FYP demonstration of document parsing of booking documents
Extract text from documents or images
Extract named entities from text
OCR that extract text from image of hindi and english
Find relevant text chunks from documents based on a query
Find relevant passages in documents using semantic search
RAG with multiple types of loaders like text, pdf and web
Find information using text queries
Upload images for accurate English / Latin OCR
Extract text from PDF files
Extract text from images with OCR
Extract PDFs and chat to get insights
Visual RAG Tool
Donut-booking-gradio is a tool designed to extract text from scanned booking documents. It is built as a proof-of-concept for a Final Year Project (FYP) focusing on document parsing and text extraction. The application leverages AI technology to analyze and extract readable text from scanned or image-based booking documents, making it easier to work with digital data.

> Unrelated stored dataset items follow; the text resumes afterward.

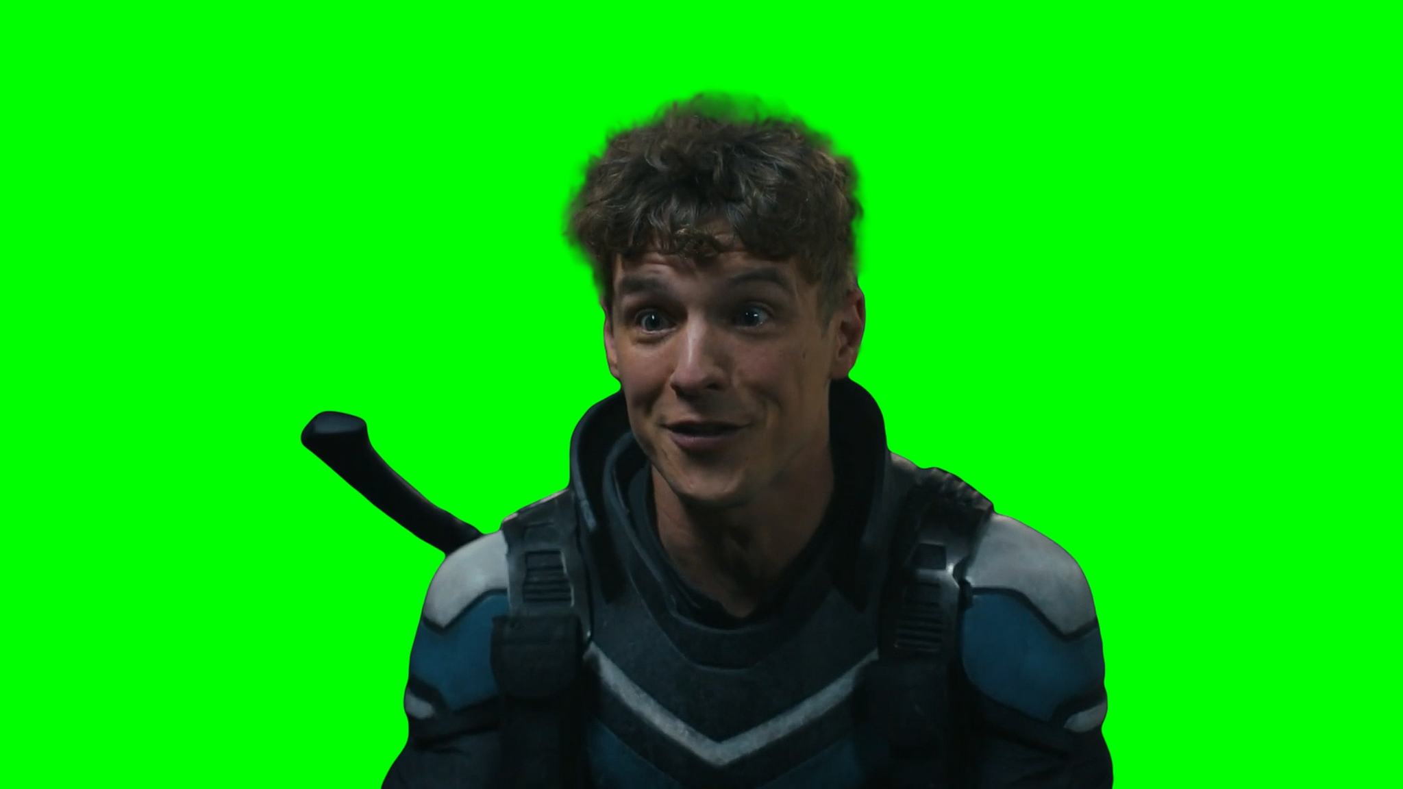 Green Screen Meme Template of Adrian Chase meeting the alternate dimension version of him and saying "ARE YOU FUCKING KIDDING ME?!" and gets excited. They also recreate the Spider-Man Pointing meme
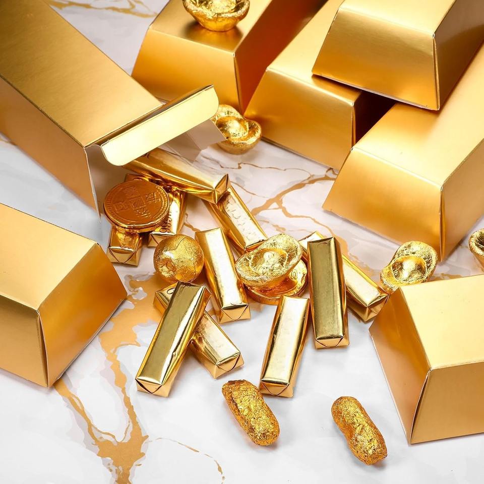 Boîte cadeau en forme de lingot d'or, boîte à dragées en papier doré, boîte à dragées en forme de brique de trésor pour fête sur le thème du pirate ou du casino
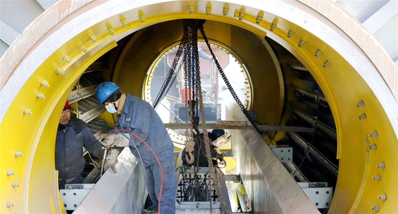 “我用鐵錘敲打,你用扳手使勁。”“師傅,搭把手!一二,一起用力……”在他們的齊心協(xié)力配合下,一顆顆螺栓掉落在地的聲音猶如天籟之音。他們合力拆卸、吊運、更換,各司其職,團結(jié)協(xié)助此刻在這里得到了充分體現(xiàn)。
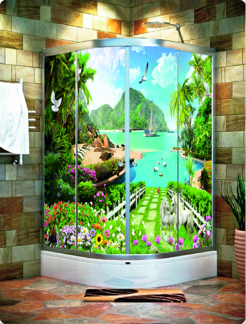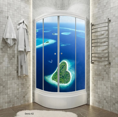 Kendinden yapışkanlı 4 parça duşakabin kaplamamız silinebilir ve suya dayanıklıdır
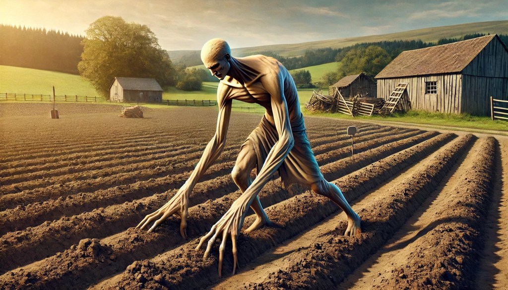 DALLE Prompt: Please show me a fictional human that descends from a long line of farmers that have evolved shovel spades for hands instead of normal hands. His arms are also much longer and stronger than a typical human, but are entirely made of skin and bone. Show him preparing a field with his bizarre shovel arms in a manner that belies no ability for introspection or reasoning.

• Live Interface: Provides a real-time interface for uploading and processing documents.
• Multi-Page Support: Capable of handling documents with multiple pages or scanned images.
• Text Extraction: Accurately extracts text from scanned booking documents using AI.
• Customizable Settings: Allows users to adjust settings for better extraction accuracy.
• Export Options: Enables users to export extracted text for further use.
• User-Friendly Design: Designed with a simple and intuitive user interface.
• Cross-Platform Compatibility: Works seamlessly across different operating systems.
1. What file formats does donut-booking-gradio support?
Donut-booking-gradio supports common image formats like JPG, PNG, and PDF.
2. How accurate is the text extraction?
The accuracy depends on the quality of the scanned document. Clear images yield better results, while blurry or distorted scans may reduce accuracy.
3. Can I process multiple pages at once?
Yes, the application supports multi-page documents, allowing you to process and extract text from all pages simultaneously.